Why, precisely, is $\{r \in \mathbb{Q}: - \sqrt{2} < r < \sqrt{2}\}$ clopen in $\mathbb{Q}$? Just going over some old notes and I realized I always took this for granted without actually fleshing out exactly why it is true. The set of all r is closed in $\mathbb{Q}$, because the set of all r is just all of the rationals in that interval, and obviously contains all of its limits. If you take its complement, the irrational numbers between $- \sqrt{2}$ and $\sqrt{2}$, what precisely can we say about this to conclude that the original set is clopen? i.e. why precisely is the complement open? Thanks.

$\Bbb Q$ inherits ist topology from $\Bbb R$. So if a set $U$ is open in $\Bbb R$, then $\Bbb Q \cap U$ is open in $\Bbb Q$, and the same thing goes for closed sets.
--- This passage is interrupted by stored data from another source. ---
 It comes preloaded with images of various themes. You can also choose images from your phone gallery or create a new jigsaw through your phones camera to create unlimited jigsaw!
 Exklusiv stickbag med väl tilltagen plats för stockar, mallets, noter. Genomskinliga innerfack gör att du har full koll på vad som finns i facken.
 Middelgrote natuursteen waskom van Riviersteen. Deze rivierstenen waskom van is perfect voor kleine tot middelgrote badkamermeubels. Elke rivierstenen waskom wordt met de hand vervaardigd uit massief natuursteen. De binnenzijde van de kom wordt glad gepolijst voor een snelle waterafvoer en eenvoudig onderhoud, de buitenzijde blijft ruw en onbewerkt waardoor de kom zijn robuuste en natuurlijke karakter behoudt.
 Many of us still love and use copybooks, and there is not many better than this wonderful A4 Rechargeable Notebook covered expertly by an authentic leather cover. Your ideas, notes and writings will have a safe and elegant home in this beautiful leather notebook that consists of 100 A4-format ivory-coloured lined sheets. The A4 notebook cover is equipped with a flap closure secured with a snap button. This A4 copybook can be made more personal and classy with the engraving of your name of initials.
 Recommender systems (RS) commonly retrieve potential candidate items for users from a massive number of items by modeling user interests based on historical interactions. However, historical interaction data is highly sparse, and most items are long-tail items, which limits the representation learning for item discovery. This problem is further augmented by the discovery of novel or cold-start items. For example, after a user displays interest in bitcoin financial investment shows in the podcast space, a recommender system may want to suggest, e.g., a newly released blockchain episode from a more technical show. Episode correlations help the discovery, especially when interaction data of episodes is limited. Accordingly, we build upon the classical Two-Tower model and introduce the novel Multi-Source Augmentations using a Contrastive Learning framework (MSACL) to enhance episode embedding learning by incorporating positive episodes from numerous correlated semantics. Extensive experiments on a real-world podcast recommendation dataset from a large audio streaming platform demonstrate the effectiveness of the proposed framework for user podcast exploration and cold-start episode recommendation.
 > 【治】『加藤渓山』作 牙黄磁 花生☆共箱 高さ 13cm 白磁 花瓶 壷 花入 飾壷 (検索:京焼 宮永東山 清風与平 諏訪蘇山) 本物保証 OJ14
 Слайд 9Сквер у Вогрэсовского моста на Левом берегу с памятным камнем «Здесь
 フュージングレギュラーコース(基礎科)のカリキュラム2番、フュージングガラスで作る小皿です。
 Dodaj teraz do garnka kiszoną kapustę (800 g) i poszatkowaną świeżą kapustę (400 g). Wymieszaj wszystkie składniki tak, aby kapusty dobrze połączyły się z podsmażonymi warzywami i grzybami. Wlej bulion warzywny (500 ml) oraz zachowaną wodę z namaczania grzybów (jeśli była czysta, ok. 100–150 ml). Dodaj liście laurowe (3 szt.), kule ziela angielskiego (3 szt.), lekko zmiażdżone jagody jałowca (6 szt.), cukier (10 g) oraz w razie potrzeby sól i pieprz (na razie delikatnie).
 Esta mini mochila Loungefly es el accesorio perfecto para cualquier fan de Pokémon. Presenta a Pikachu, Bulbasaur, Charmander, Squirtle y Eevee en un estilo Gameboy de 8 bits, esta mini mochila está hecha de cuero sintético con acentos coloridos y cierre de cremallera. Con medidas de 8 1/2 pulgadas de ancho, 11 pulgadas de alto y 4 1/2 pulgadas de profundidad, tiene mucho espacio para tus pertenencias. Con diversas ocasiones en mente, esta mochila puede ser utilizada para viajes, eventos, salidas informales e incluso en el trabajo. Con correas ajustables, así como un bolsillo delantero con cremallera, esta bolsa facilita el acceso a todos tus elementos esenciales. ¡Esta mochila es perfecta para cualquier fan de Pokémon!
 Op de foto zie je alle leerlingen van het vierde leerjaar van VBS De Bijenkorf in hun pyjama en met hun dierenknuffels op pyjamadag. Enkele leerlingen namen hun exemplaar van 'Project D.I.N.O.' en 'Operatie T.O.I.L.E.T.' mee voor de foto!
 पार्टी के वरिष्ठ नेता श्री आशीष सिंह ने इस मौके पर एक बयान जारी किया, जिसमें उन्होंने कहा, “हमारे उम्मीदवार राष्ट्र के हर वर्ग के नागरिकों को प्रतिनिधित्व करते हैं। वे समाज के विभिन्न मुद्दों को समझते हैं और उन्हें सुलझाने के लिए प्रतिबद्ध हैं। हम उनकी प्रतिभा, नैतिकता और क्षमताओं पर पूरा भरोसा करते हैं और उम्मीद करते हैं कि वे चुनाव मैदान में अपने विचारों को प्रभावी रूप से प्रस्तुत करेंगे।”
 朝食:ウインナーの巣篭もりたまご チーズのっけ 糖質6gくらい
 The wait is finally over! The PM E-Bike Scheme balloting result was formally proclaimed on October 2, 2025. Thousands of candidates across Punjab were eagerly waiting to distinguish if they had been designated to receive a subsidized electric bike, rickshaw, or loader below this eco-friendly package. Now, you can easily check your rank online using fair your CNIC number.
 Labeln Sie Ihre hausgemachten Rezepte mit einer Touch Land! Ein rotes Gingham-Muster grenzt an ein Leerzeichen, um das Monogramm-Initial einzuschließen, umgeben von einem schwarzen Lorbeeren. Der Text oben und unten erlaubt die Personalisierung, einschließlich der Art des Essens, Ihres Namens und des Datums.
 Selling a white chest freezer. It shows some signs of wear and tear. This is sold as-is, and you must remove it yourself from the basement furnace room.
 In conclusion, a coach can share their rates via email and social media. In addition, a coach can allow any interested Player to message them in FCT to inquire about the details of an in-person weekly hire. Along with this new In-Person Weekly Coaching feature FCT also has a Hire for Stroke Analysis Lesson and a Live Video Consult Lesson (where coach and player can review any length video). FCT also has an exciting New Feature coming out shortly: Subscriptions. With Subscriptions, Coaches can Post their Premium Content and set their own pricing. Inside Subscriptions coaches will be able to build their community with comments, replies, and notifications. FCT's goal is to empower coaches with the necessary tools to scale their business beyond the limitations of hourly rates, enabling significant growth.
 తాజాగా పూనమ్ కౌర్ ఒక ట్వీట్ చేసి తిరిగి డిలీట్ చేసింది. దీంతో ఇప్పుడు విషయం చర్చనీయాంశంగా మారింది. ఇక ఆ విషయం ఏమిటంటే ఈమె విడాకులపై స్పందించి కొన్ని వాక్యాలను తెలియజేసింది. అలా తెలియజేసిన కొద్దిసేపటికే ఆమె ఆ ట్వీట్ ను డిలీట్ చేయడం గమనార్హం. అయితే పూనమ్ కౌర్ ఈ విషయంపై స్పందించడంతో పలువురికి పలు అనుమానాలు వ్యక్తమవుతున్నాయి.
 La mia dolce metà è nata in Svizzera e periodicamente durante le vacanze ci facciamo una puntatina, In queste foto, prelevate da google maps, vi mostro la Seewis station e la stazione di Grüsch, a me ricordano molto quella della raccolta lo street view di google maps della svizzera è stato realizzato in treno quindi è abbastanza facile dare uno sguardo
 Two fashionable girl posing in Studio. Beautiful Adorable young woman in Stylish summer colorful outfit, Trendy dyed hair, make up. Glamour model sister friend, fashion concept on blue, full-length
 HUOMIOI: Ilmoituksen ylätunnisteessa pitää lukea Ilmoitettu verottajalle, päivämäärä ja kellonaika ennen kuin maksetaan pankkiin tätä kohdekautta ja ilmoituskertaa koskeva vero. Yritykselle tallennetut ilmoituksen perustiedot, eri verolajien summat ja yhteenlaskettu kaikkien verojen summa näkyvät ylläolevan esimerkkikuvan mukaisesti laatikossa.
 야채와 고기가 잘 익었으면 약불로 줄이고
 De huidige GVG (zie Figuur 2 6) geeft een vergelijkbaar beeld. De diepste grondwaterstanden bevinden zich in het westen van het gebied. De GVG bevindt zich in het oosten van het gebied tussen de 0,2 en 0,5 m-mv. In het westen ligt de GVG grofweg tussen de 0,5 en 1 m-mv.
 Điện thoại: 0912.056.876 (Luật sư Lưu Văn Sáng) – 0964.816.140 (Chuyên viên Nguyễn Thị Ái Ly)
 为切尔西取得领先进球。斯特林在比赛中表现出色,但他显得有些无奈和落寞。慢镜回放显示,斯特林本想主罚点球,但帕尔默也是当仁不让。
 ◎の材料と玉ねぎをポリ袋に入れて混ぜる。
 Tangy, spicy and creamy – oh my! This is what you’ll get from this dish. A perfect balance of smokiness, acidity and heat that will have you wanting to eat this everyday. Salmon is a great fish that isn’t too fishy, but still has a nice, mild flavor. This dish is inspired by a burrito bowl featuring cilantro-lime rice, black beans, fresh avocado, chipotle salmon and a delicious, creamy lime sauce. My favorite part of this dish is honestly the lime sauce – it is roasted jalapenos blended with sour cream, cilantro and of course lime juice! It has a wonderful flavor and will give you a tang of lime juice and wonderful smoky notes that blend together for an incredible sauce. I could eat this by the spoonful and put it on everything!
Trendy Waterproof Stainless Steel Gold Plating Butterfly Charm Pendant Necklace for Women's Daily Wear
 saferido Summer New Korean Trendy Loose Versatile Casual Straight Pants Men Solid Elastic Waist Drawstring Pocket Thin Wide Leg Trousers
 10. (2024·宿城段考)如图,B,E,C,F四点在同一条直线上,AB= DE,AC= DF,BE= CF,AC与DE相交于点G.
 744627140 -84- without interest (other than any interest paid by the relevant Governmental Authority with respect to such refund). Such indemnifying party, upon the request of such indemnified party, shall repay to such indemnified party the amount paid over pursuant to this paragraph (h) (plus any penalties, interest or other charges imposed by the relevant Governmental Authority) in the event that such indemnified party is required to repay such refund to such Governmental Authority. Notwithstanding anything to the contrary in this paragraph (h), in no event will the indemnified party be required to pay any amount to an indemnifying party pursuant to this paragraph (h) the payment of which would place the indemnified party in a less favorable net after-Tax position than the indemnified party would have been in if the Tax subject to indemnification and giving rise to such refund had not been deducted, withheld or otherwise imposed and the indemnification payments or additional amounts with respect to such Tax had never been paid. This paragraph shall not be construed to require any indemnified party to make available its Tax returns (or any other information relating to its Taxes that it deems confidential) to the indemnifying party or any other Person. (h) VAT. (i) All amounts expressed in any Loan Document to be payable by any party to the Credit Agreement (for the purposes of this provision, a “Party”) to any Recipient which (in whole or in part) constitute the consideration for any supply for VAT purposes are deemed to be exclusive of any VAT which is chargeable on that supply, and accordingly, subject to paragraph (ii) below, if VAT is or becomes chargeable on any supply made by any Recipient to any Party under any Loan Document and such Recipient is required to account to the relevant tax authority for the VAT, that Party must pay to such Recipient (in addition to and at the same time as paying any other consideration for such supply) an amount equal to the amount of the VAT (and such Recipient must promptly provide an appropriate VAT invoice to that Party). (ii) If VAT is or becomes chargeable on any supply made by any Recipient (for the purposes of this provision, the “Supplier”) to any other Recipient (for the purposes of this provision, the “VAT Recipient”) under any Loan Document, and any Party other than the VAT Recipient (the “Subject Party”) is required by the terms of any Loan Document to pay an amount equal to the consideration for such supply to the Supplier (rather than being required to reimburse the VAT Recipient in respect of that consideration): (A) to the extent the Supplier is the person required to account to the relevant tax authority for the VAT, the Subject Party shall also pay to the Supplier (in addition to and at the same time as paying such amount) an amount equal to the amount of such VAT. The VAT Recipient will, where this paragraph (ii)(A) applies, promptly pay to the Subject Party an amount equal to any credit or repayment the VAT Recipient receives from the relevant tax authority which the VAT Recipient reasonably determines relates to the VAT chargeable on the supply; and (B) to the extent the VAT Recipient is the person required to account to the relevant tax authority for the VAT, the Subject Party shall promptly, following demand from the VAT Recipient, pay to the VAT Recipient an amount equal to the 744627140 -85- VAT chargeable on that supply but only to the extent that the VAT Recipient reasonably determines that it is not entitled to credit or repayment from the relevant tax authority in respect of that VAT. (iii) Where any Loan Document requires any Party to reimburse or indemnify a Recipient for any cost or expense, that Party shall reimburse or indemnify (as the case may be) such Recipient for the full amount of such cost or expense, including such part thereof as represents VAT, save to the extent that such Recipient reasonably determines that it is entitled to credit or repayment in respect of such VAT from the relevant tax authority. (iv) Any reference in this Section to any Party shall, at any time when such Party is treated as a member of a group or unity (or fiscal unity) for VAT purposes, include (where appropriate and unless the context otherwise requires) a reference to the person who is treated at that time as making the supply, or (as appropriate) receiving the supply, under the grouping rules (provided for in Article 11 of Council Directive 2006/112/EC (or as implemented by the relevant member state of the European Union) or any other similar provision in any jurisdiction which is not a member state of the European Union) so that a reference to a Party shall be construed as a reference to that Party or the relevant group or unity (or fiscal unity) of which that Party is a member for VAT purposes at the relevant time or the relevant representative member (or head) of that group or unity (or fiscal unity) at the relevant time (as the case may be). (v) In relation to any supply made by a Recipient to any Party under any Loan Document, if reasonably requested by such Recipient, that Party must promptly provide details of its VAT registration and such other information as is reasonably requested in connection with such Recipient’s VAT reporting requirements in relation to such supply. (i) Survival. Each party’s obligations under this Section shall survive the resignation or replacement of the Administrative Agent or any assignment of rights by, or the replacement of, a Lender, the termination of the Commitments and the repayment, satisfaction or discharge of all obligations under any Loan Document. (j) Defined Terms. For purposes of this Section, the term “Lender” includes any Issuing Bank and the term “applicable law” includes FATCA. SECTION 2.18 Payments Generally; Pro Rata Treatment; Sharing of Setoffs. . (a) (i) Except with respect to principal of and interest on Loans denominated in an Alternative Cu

Now, the funny thing is that your set is both the intersection of a closed interval in $\Bbb R$ with $\Bbb Q$ (namely $[-\sqrt 2, \sqrt 2] \cap \Bbb Q$), and it's the intersection of an open interval with $\Bbb Q$ (namely $(-\sqrt 2, \sqrt 2)\cap \Bbb Q$). Thus, from the topology it ingerits from $\Bbb R$, your set is both an open set and a closed set. That is why it's a clopen set.